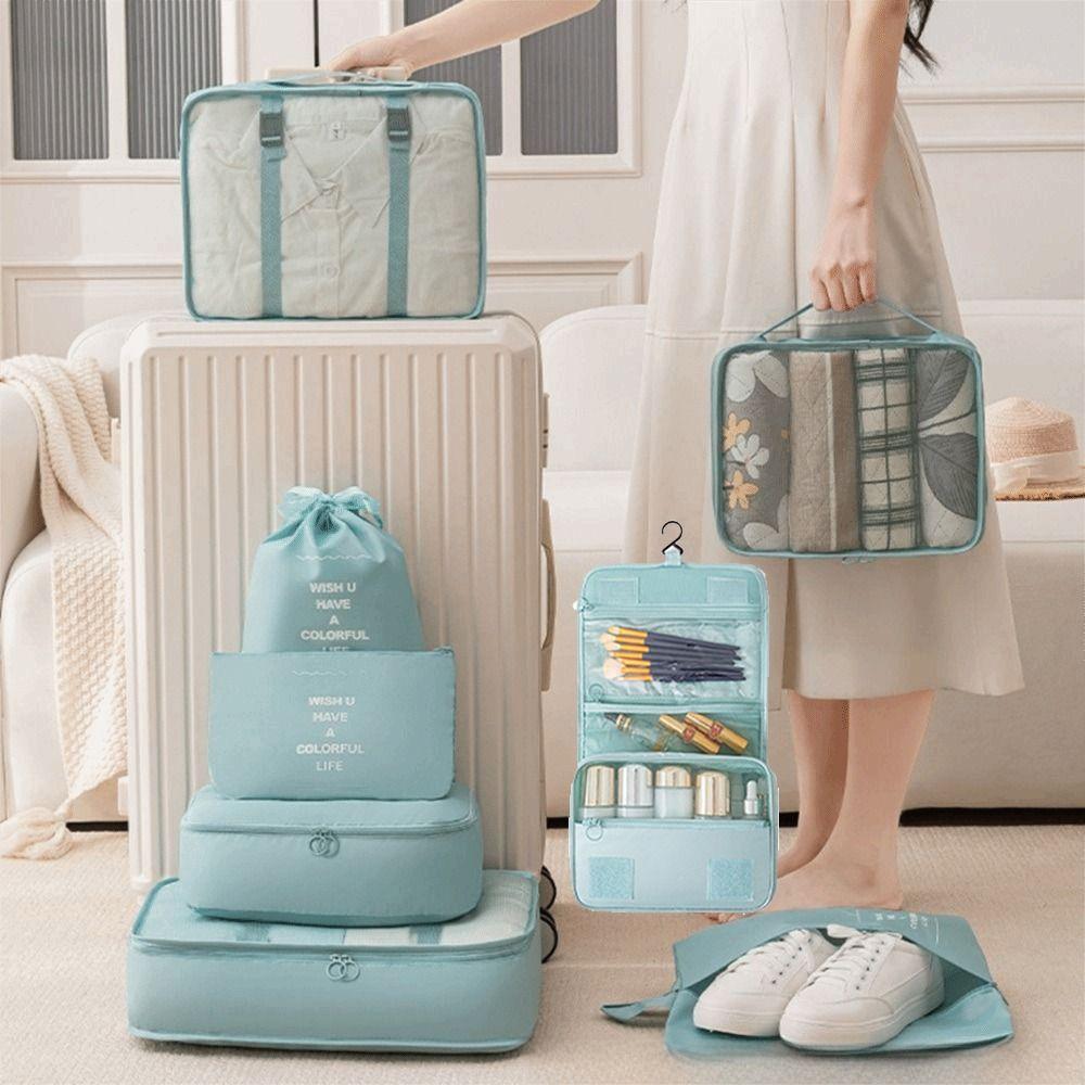 8Pcs Foldable Travel Organizer Set Waterproof Portable Suitcase Packing Cubes Various Sizes Large Capacity Portable Wardrobe
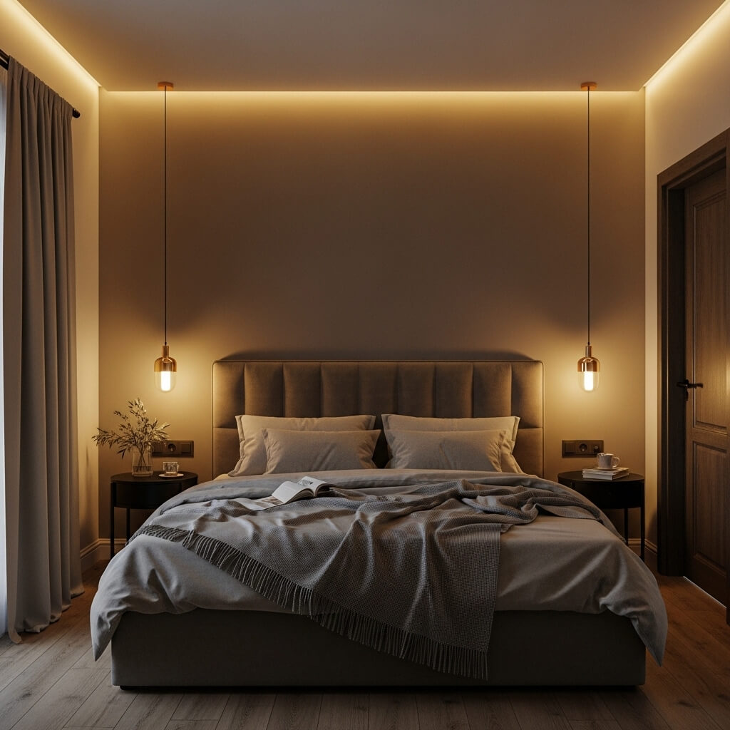 - String hidden LED strips behind your headboard for aesthetic depth.
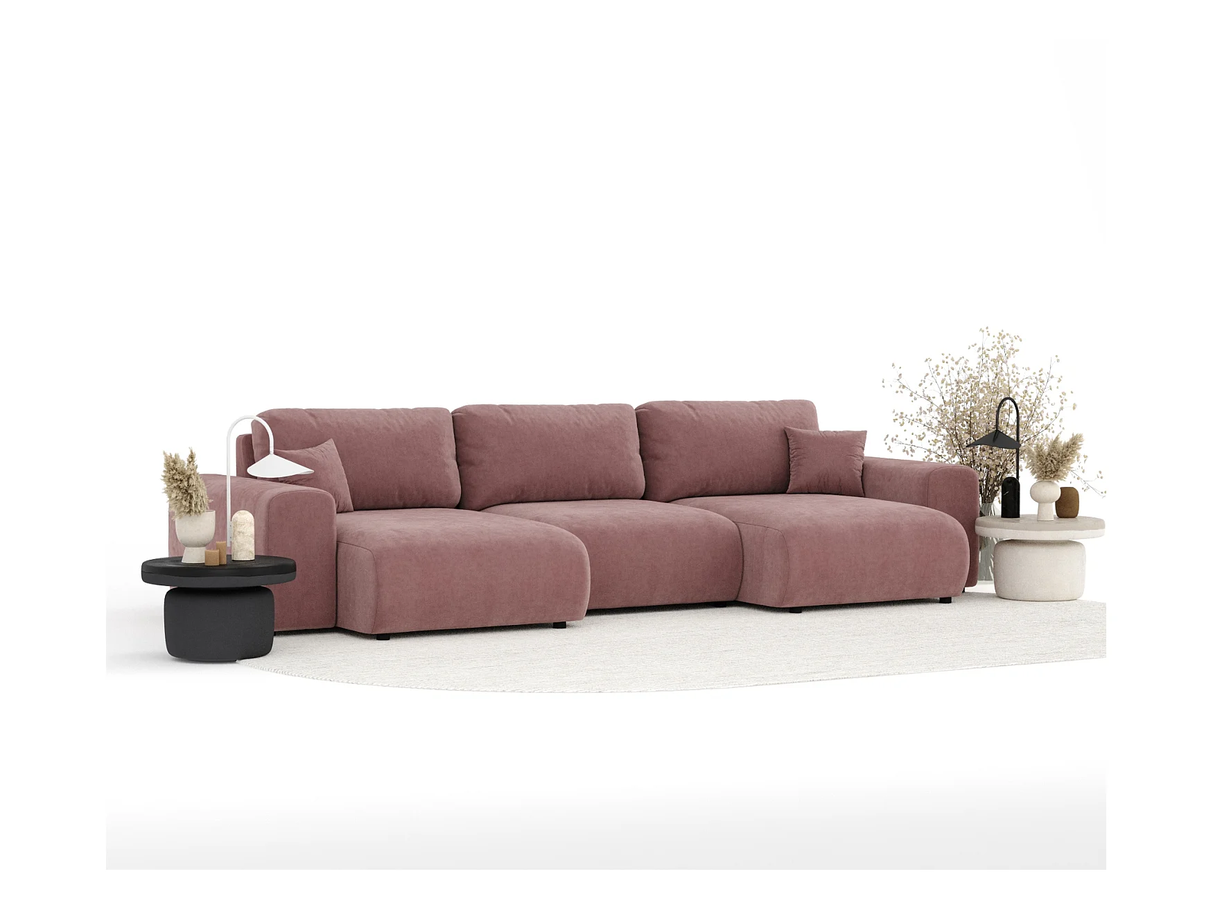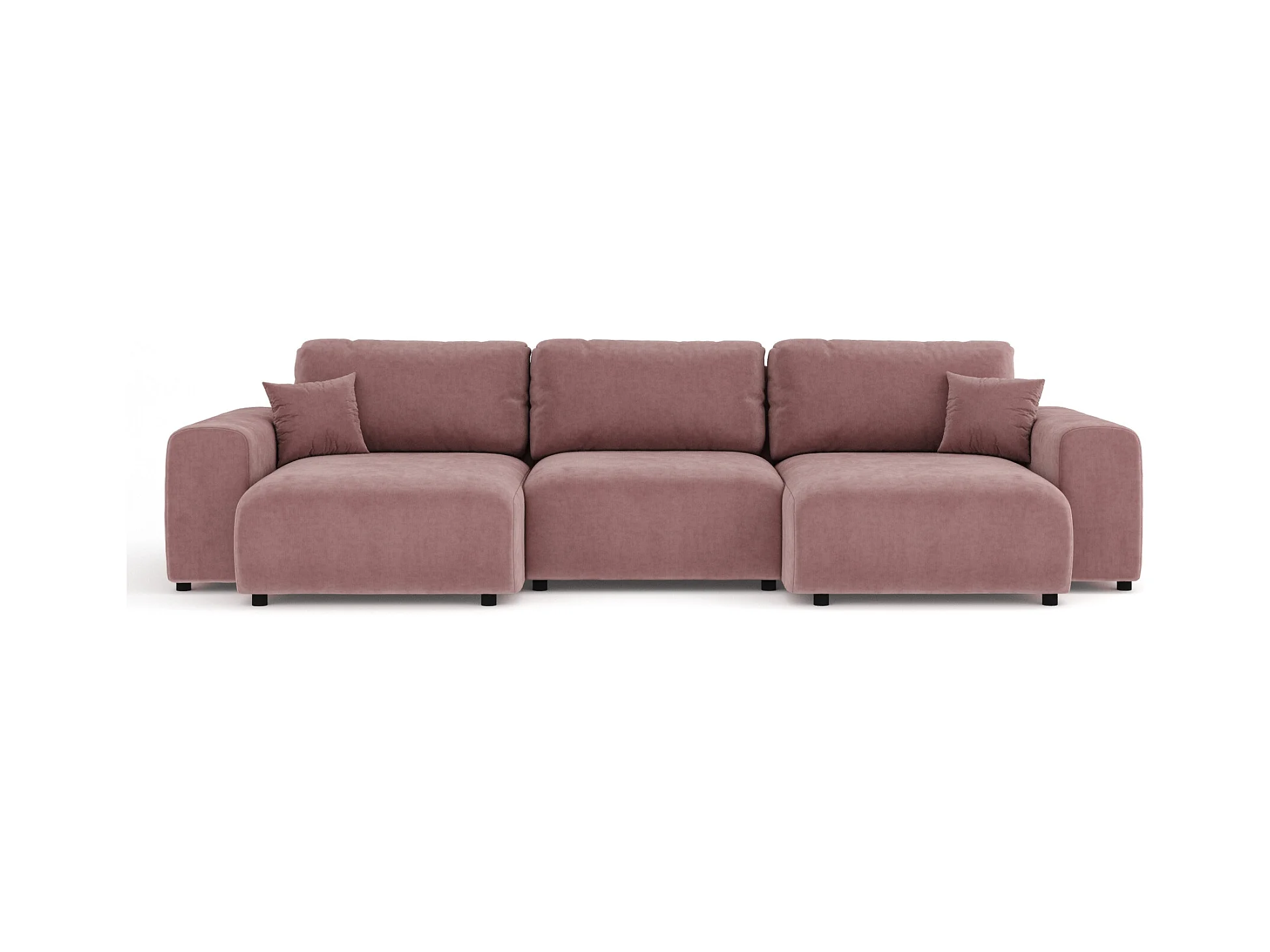 Canapé d'angle panoramique en tissu velours Zanzibar - 6 places - rose
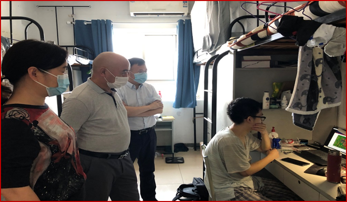 党委书记刘建成,院长孙建红,副院长吴薇薇前往留校学生宿舍,了解在校学生线上上课情况。学院任课教师准备充分,学生学习态度积极,较好地完成了各项教学任务。
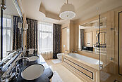 Цокольный этаж: домашний кинотеатр, огромная гардеробная, постирочная, ванная комната, комнаты для бытовых нужд, бойлерная, оружейная, тех.помещения вентиляции и бассейна, проход к СПА-комплексу;
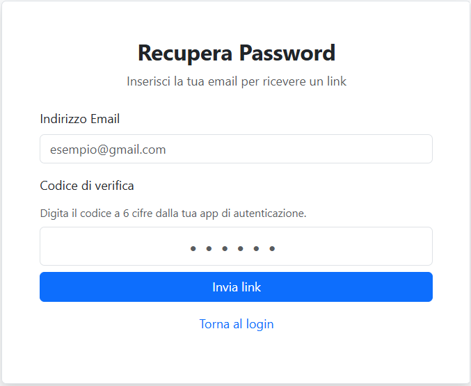 Una volta completato il reset della password, l’utente verrà reindirizzato alla Pagina di Login per accedere con le nuove credenziali.
● ● ● ● ●
Could you set down every record above word for word, leaving out the pictures?

 8Pcs Foldable Travel Organizer Set Waterproof Portable Suitcase Packing Cubes Various Sizes Large Capacity Portable Wardrobe
 - String hidden LED strips behind your headboard for aesthetic depth.
 Canapé d'angle panoramique en tissu velours Zanzibar - 6 places - rose
 党委书记刘建成,院长孙建红,副院长吴薇薇前往留校学生宿舍,了解在校学生线上上课情况。学院任课教师准备充分,学生学习态度积极,较好地完成了各项教学任务。
 Цокольный этаж: домашний кинотеатр, огромная гардеробная, постирочная, ванная комната, комнаты для бытовых нужд, бойлерная, оружейная, тех.помещения вентиляции и бассейна, проход к СПА-комплексу;
 Una volta completato il reset della password, l’utente verrà reindirizzato alla Pagina di Login per accedere con le nuove credenziali.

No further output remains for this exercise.